Richard Biener of SUSE published a new status report on the state of GCC 16 development. Regression fixing has been going slow but they are hoping to publish a release candidate by mid-April.
Richard shared in today’s GCC 16 status report:
“We’re now nearly two months into Stage 4 of the development of GCC 16, making slow progress towards reducing the number of regressions, in particular P1 classified regressions to zero.
While there are only 14 P1 classified regressions there are another 14 unclassified (P3) regressions would be introduced by GCC 16, and 28 P4 classified of similar kind, meaning for not release critical languages or targets – you might want to prioritize those as to make GCC 16 not worse than GCC 15 for users.
Historically we expect a RC of GCC 16 to materialize around mid April.”
It’s that P1 regression count currently at 14 that they try to zero out for release time by either fixing them or demoting them to a lower priority regression.
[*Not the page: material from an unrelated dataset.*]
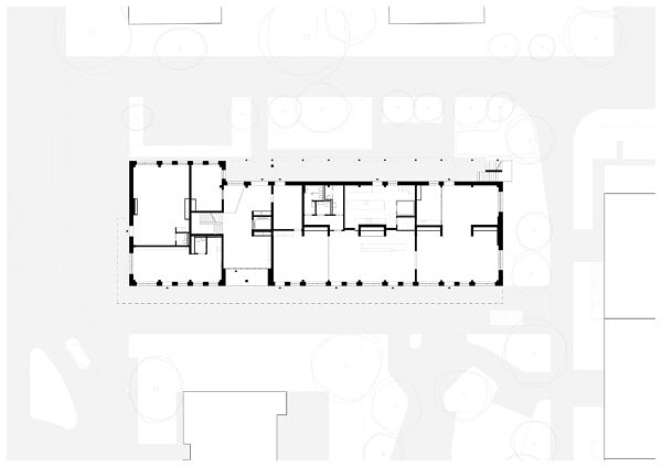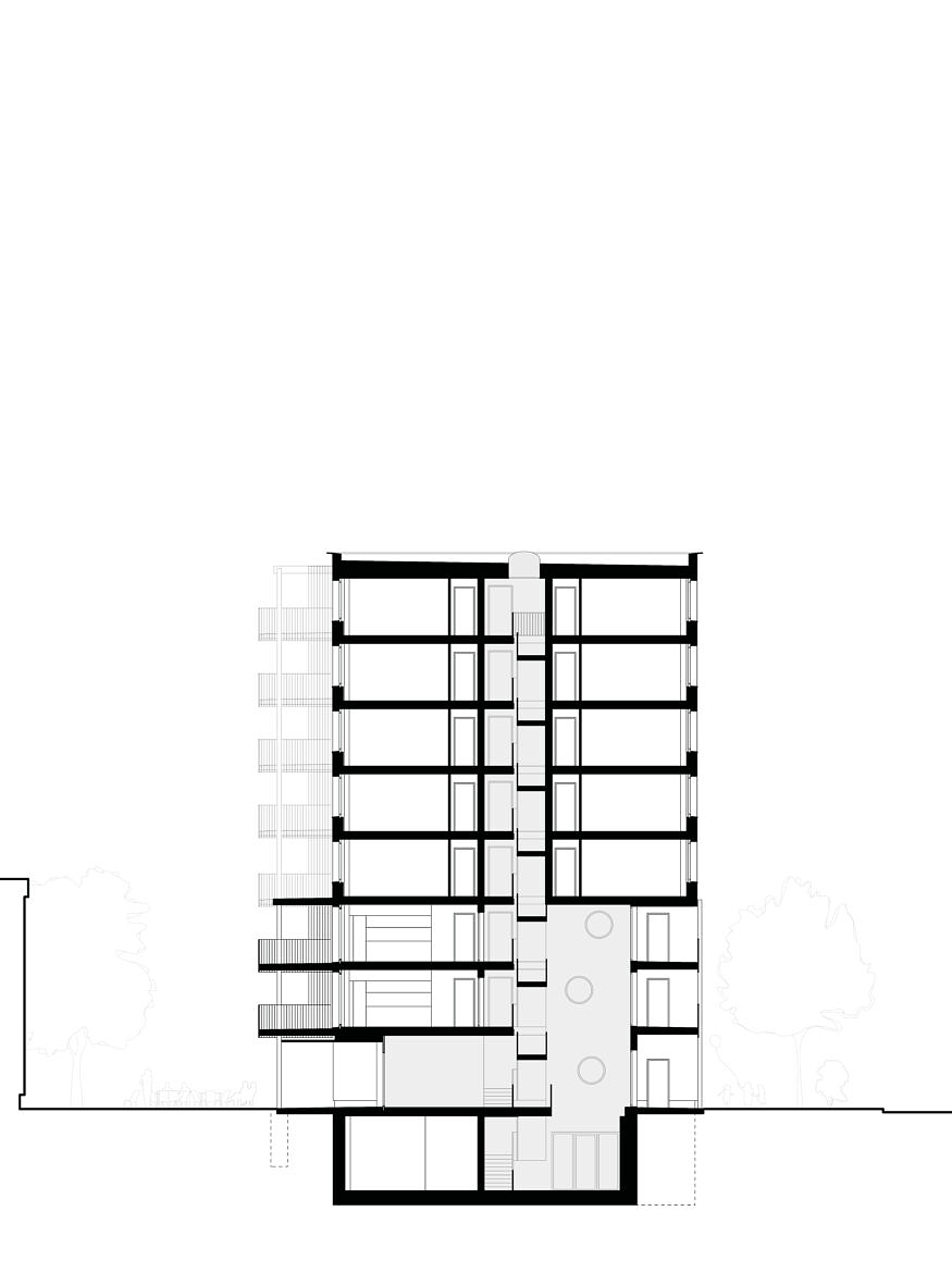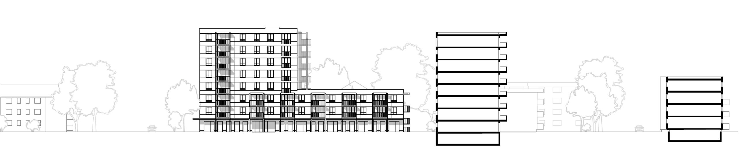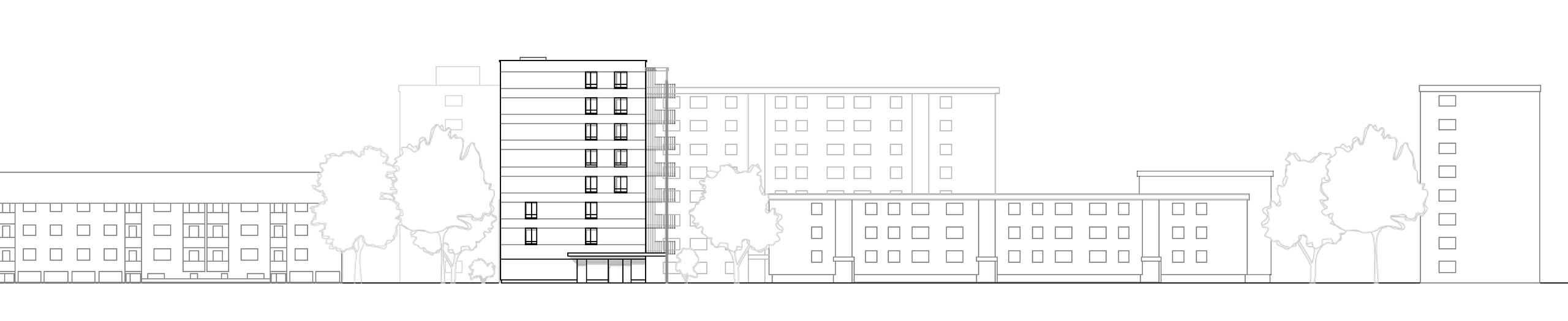 Der achtgeschossige Gebäudeteil an der Pestalozzistrasse markiert den Hauptzugang zur Siedlung, der neu über den Innenhof führt. Wo heute noch Parkplätze sind, entsteht ein neuer Aussenraum für alle. Das Erdgeschoss des Neubaus orientiert sich zum neuen Zugangsweg und zum gemeinsamen Hof. Eine flexible Gewerbefläche befindet sich direkt an der Pestalozzistrasse. Das neue Siedlungs-Bistrot belebt den Hof und kann mit dem angrenzenden Gemeinschaftsraum und der vorgesehenen kleinen Kita kombiniert werden.

As of writing there are 586 P2 regressions and 190 P3 regressions.
GCC 16 brings many changes including the Algol 68 programming language front-end, C++20 standard by default, AMD Zen 6 “znver6” initial support, support for using the Picolibc embedded C library, AVX10.2 and APX support is ready for Intel Nova Lake, various performance optimizations, Intel Wildcat Lake targeting support, a higher default LTO partition count to deal with today’s higher core count processors, function multi-versioning on ARM64 is no longer experimental, and many other changes throughout this dominant open-source compiler stack.